** Listed entries follows **

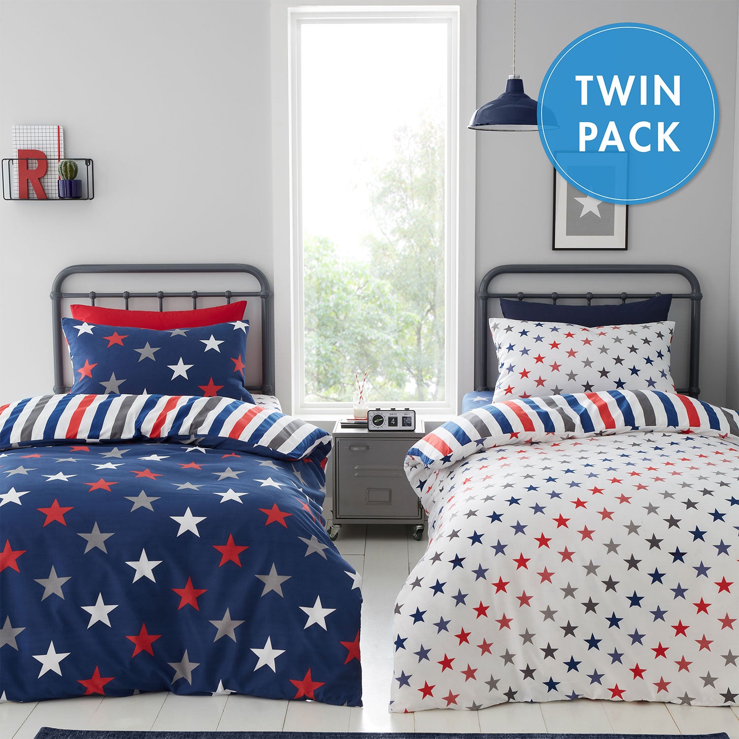 Catherine Lansfield White Blue Stripes and Stars Reversible Duvet Sets (Twin Pack)
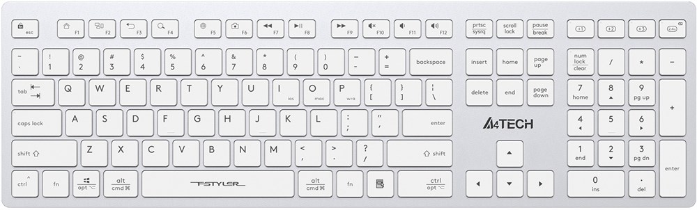 Клавиатура A4Tech FBX50C белый USB беспроводная BT/Radio slim Multimedia (FBX50C WHITE)
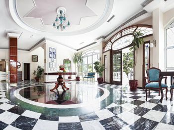 Интерьеры отеля устарели. В том числе кондиционер, который плохо справлялся с жарой. Часть лампочек не работали, дверцы шкафа не закрывались полностью. Ночью довольно шумно, т.к. перед окнами дорога, мы использовали беруши. Довольно навязчиво предлагали услуги массажа.
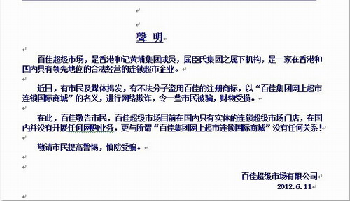 针对近日有不法分子盗用百佳的注册商标,以“百佳集团网上超市连锁国际商城”的名义,进行网络欺诈一事,百佳超级市场有限公司向本网发来紧急声明,表示百佳超级市场目前在国内只有实体的连锁超级市场门店,在国内并没有开展任何网购业务,更与所谓“百佳集团网上超市连锁国际商城”没有任何关系,敬请市民提高警惕,慎防受骗。
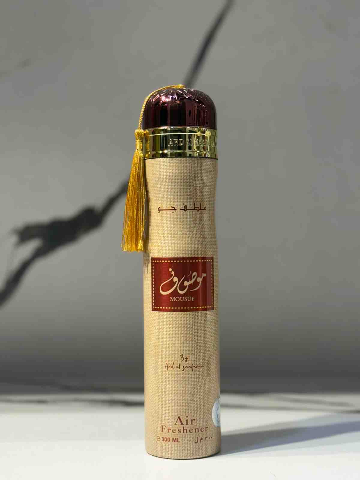 This is Mousuf Air Freshener (300ml) by Ard Al Zaafaran — beautifully presented in an elegant beige-textured canister with gold accents and a matching tassel. It delivers a warm, inviting oriental scent that refreshes your space with a cozy, luxurious touch of traditional Arabic fragrance.
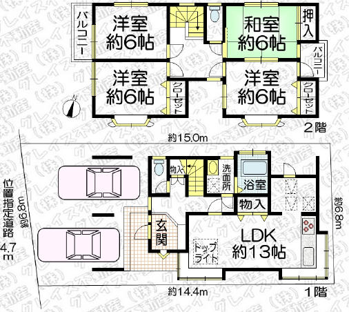 | 接道 | 南西 4.7m(幅員) 位置指定 位置指定有 6.8m(接面) |
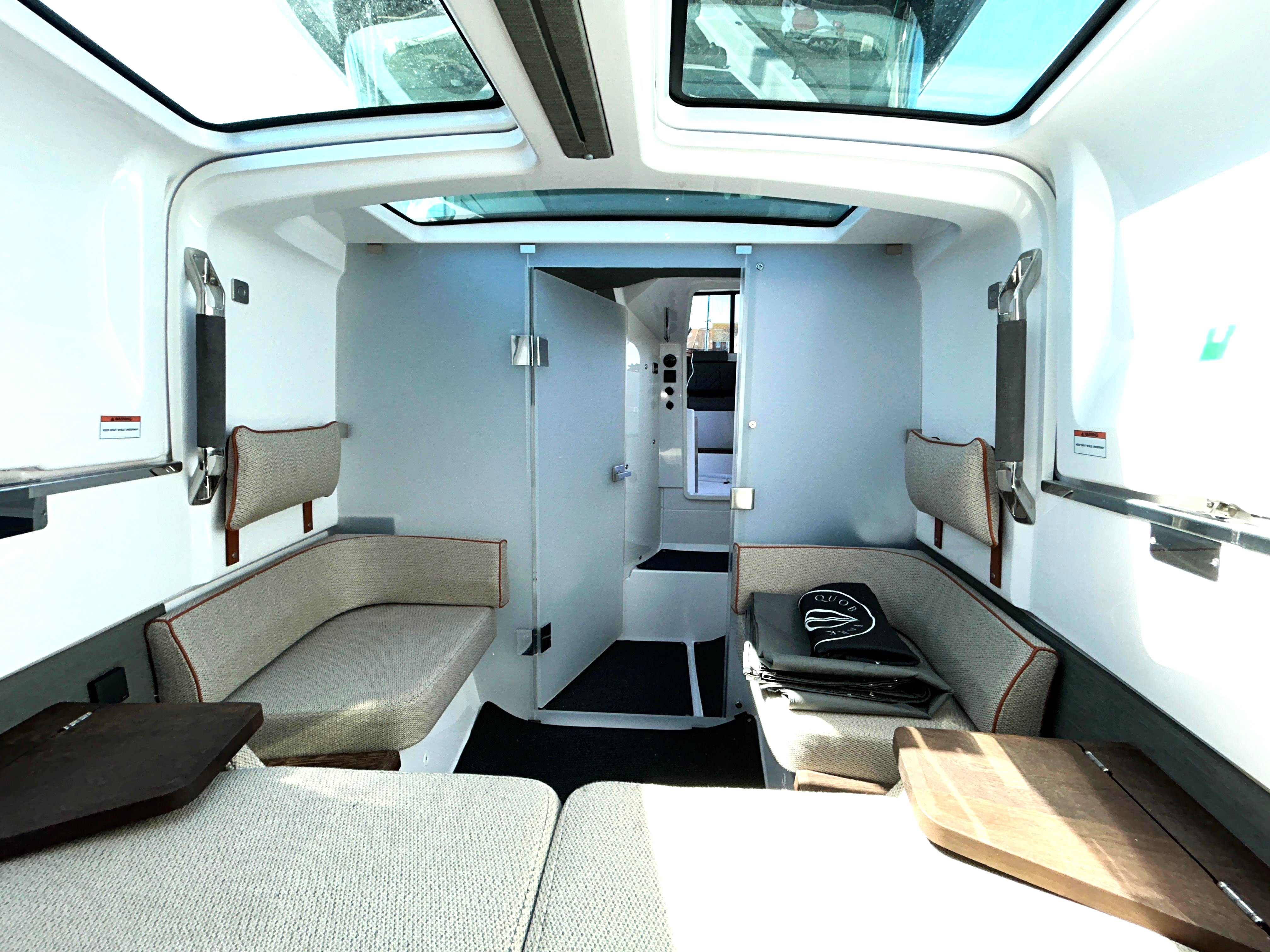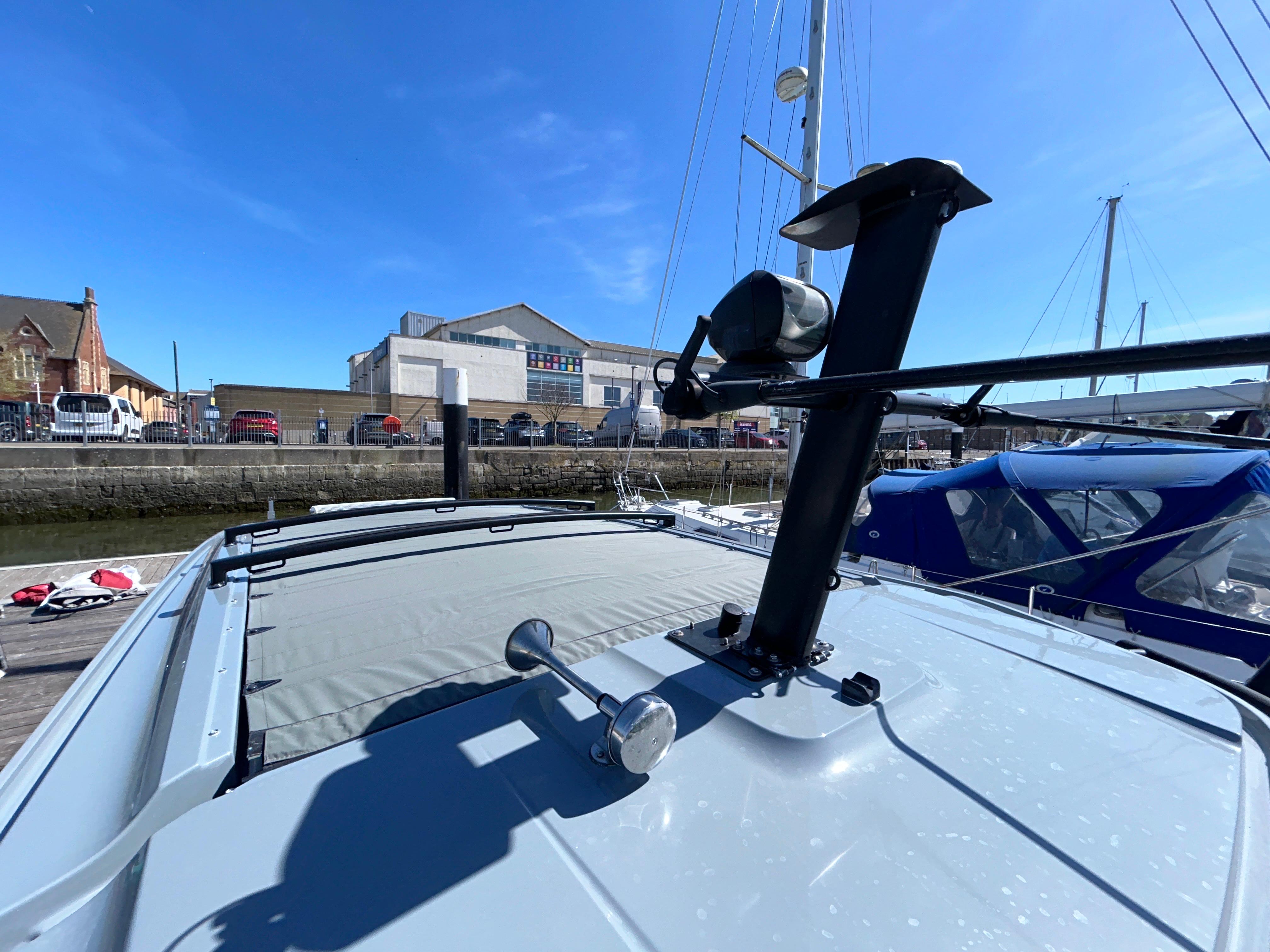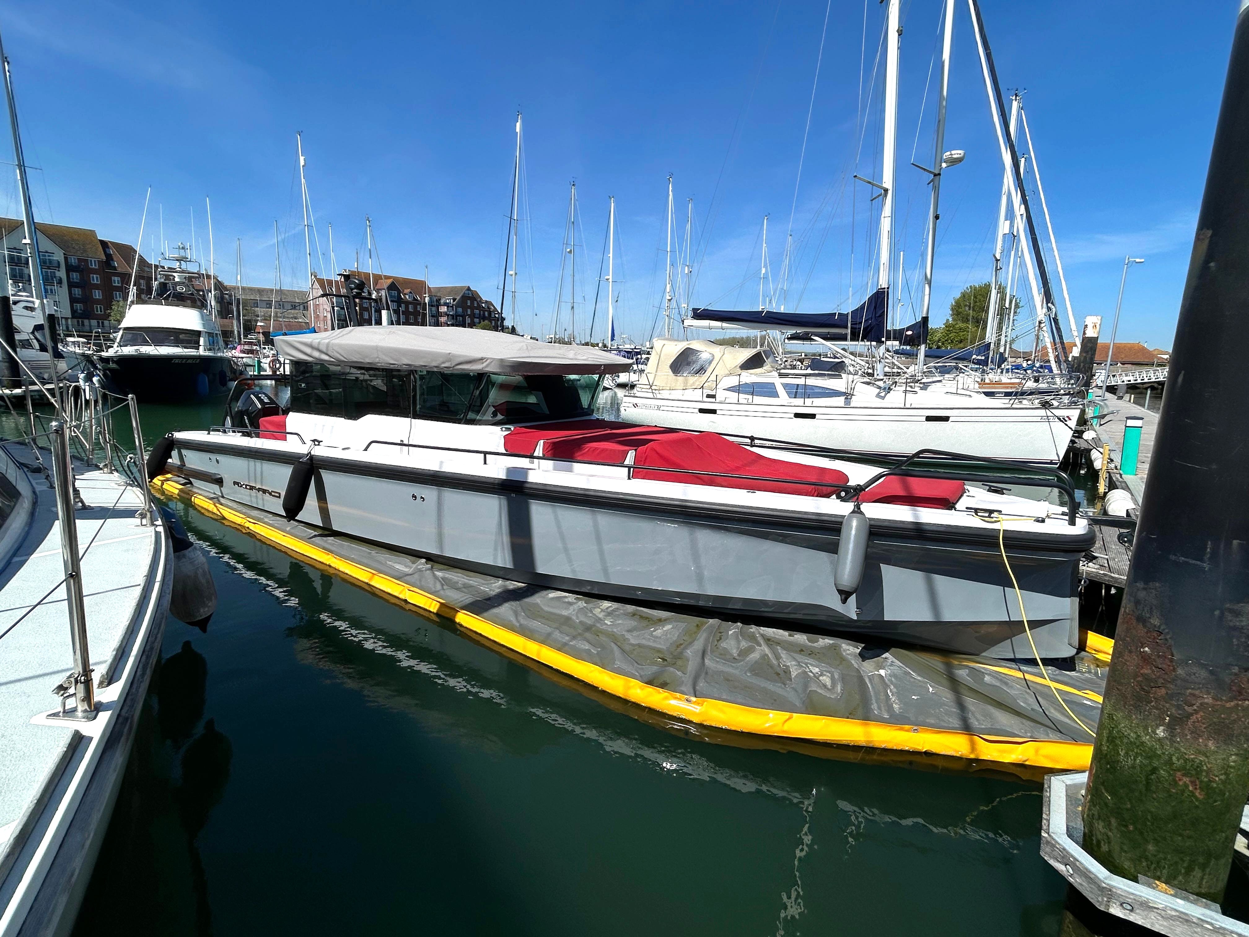 A great opportunity to get afloat this season on one of Axopars most popular models finished with a stunning grey hull and Brabus line package. "Pace" Was supplied by Axopar London Group to her current owner approx two seasons ago and had the benefit of 2 new Mercury outboard engines fitted and supplied by the local Mercury dealer Holes Bay Marine, Fully commissioned and receiving large full service which brings her up to date and having still remaining manufactures warranty. She has since had very little use but always maintained to the highest standards including a recent hull and superstructure polish. A true all round season practical boating come rain or shine with central heating throughout , Pace also offers the aft cabin layout option for those who requires second cabin and more storage space for the occasional guests or family members. She has the benefit of being afloat withing a very cleaver "Happy Hull" storage arrangement which is included in the sale and avoids growth and weed on the underwater section. refer to " happyhull.com".

** End of Listed entries **

:: Description of the task ::
"针对近日有不法分子盗用百佳的" marks the first line to copy, and "位置指定有 6.8m(接面) |" marks the last. Repeat that stretch above exactly, with no pictures.

:: Your solution ::
 针对近日有不法分子盗用百佳的注册商标,以“百佳集团网上超市连锁国际商城”的名义,进行网络欺诈一事,百佳超级市场有限公司向本网发来紧急声明,表示百佳超级市场目前在国内只有实体的连锁超级市场门店,在国内并没有开展任何网购业务,更与所谓“百佳集团网上超市连锁国际商城”没有任何关系,敬请市民提高警惕,慎防受骗。
 This is Mousuf Air Freshener (300ml) by Ard Al Zaafaran — beautifully presented in an elegant beige-textured canister with gold accents and a matching tassel. It delivers a warm, inviting oriental scent that refreshes your space with a cozy, luxurious touch of traditional Arabic fragrance.
 | 接道 | 南西 4.7m(幅員) 位置指定 位置指定有 6.8m(接面) |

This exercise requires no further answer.